What did surprise me about this quote is how the study authors defined a “vegetable.”  A single piece of lettuce on a hamburger apparently qualifies as eating a vegetable.  One piece.  A piece that is probably a wilted up scrap of iceberg with more water than nutrients.  If only 23% of meals contain a vegetable serving with those pathetic standards, we are in trouble.

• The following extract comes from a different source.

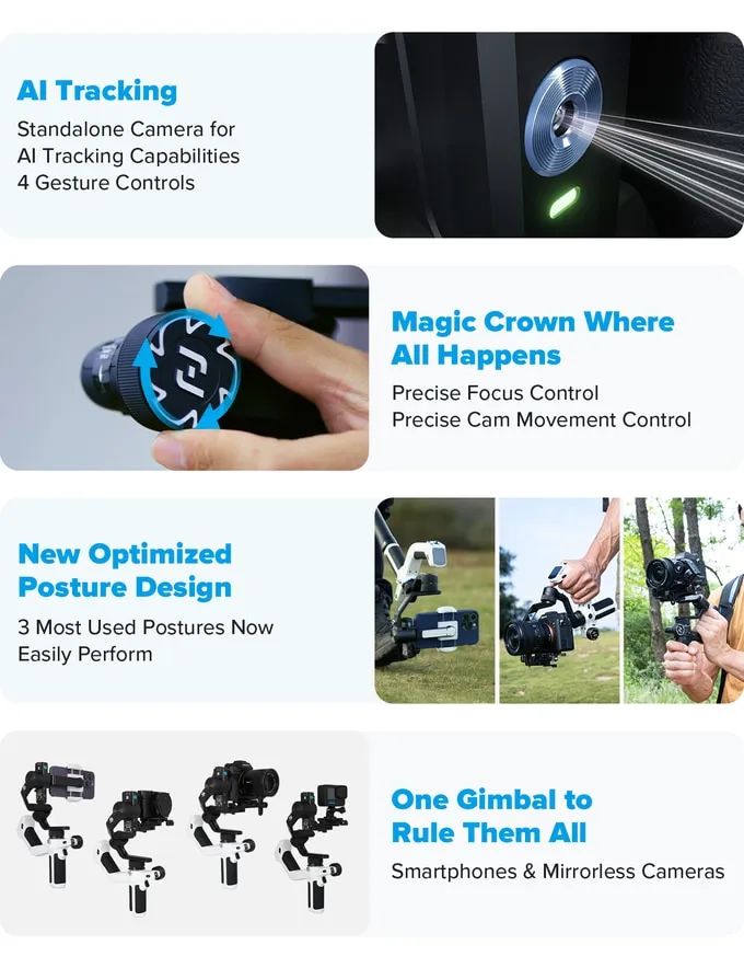 SCORP M2手机云台配备集成的独立AI跟踪模块,确保你的照片或视频中的主体始终在镜头内,无论他们如何移动。它无缝支持多种设备,并提供多种手势控制,增强了你设备的智能化。

And I’m sorry, but I don’t think putting baby carrots in a vending machine with super cool graphics is the answer.  First of all, the junk food they are competing against is so loaded with fat, sugar, sodium, and chemical flavor enhancers that the carrots are just not going to win.  They’re just not.  Beyond, a super sweet vegetable like a carrot is not the flavor profile we need to develop in kids (and obviously adults too).  We need to get children eating the non-sweet, non-starchy vegetables — things like dark leafy greens, broccoli, cabbage, beans, and zucchini.  When we start our babies out with sweet and starchy things like sweet potatoes and peas, do we really expect them to develop a taste for broccoli as two year olds?

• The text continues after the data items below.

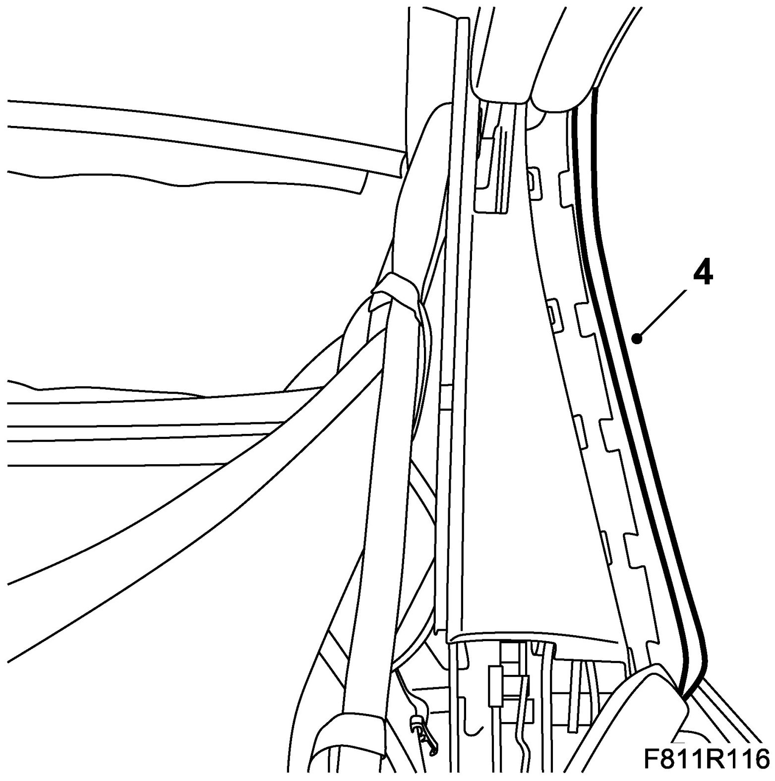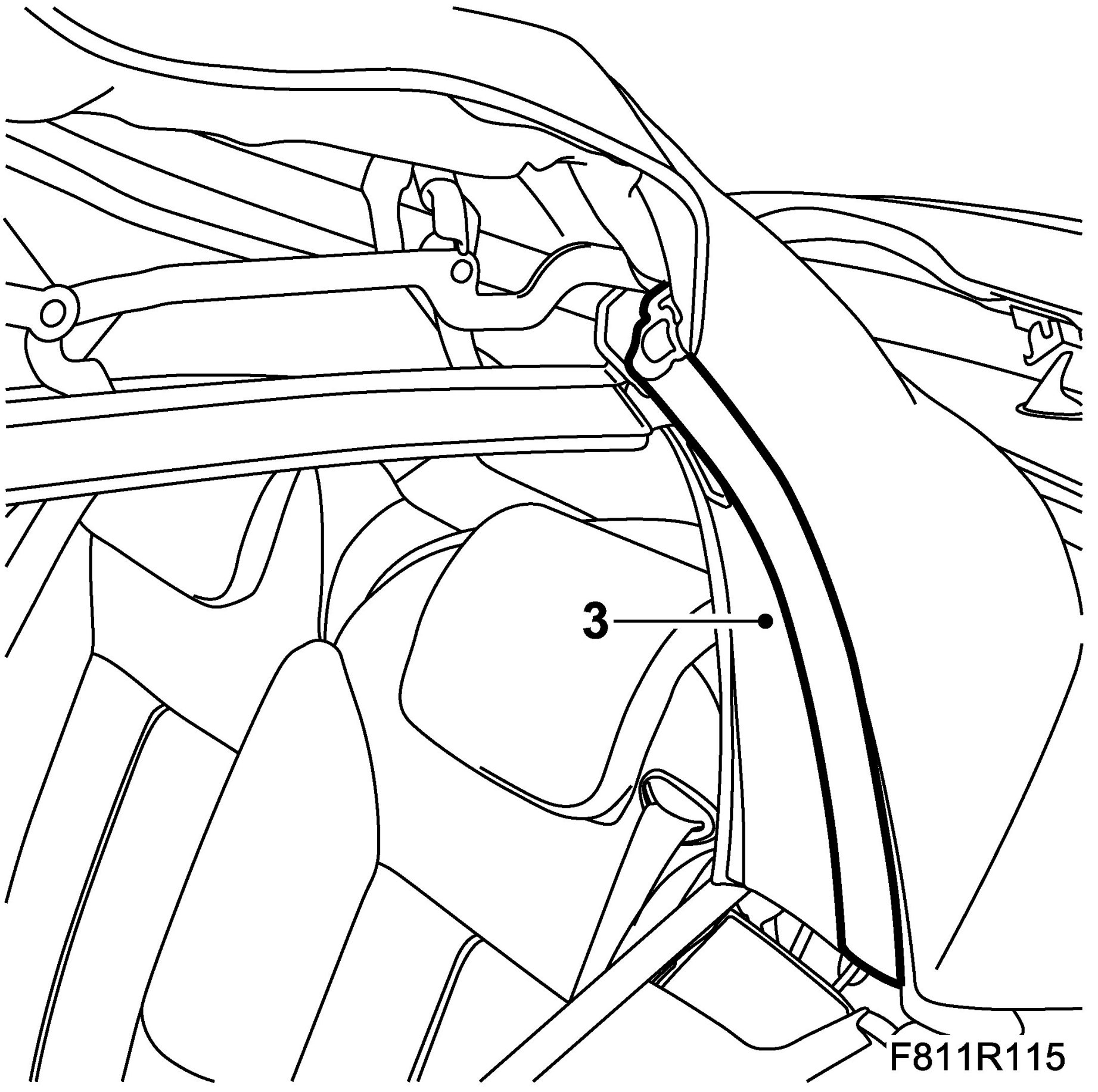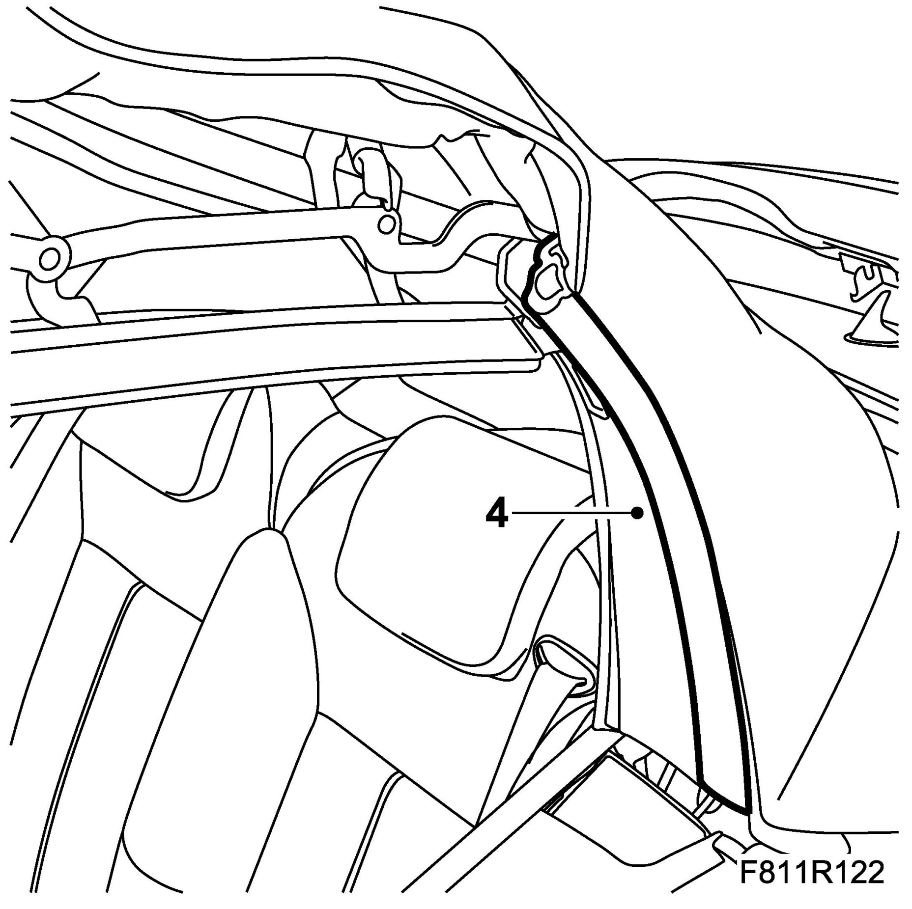 1. Remove the Headlining until the headlining plastic holder can be removed from the fourth bow.
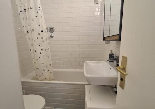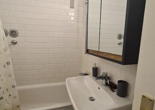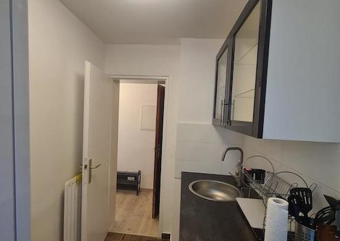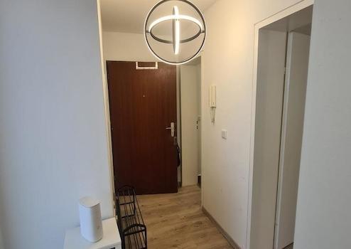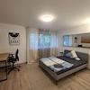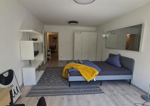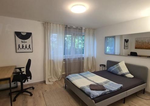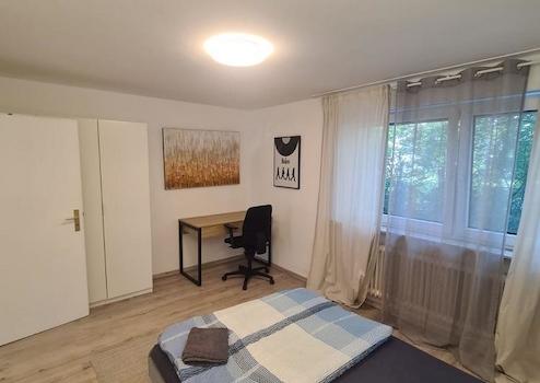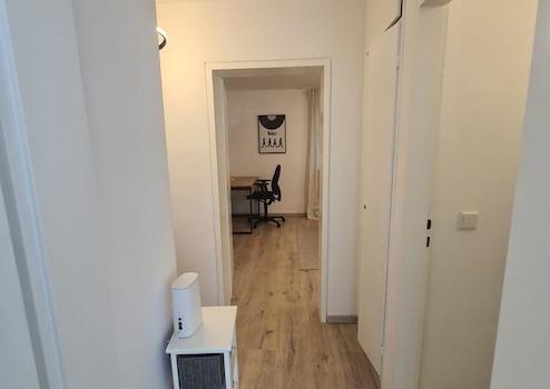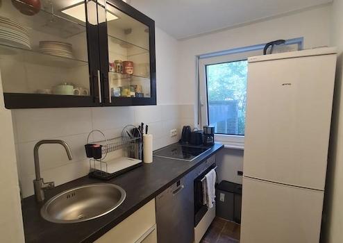 Die Wohnung bietet 2 vollwertige Schlafzimmer, beide mit Boxspringbett, Kleiderschrank und Schreibtisch. Separate Küche mit Spülmaschine und verschiedenen Küchenutensilien.
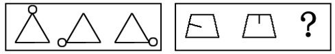 这道题属于位置类,主要考察图形中的局部元素的顺时针旋转。第一组图形中的主体部分三角形不变,小圆形依次逆时针旋转到每个顶点上;第二组图形中,主体部分等腰梯形不变,一条线段在梯形内部顺时针旋转到与梯形每边垂直相交的位置。">
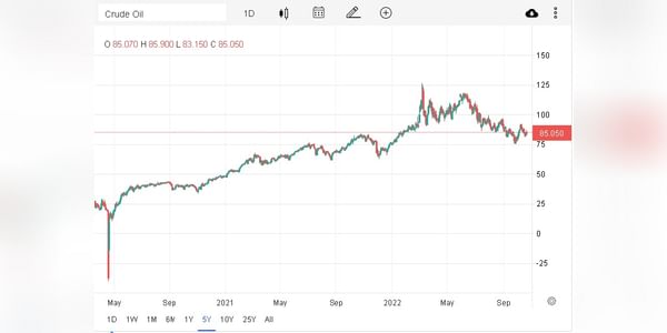Hlavním důvodem je cena ropy a zemního plynu, která v tomto roce razantně rostla, z čehož samozřejmě profitují společnosti jako je například $CVX , $XOM , $OXY . Cena ropy se v první polovině roku pohybovala přes 100$ za barel. Sice cena nyní padá, kdy nyní se pohybujeme kolem 85$ za barel, ale cena je stále výše než minulý rok, kdy byla na konci minulého roku okolo 66$ za barel.

In my entirely unscientific opinion, I think we need to begin training our children’s palates as soon as they begin solid food.  That means pureeing some zucchini or broccoli and as the infants get older, maybe even adding in some spices or a bit of garlic.  If we constantly train them to expect sweetness (in their vegetables, in their snacks, in their yogurt, etc.), I am just not sure how they will ever develop an appreciation for the other wonderful flavors that exist.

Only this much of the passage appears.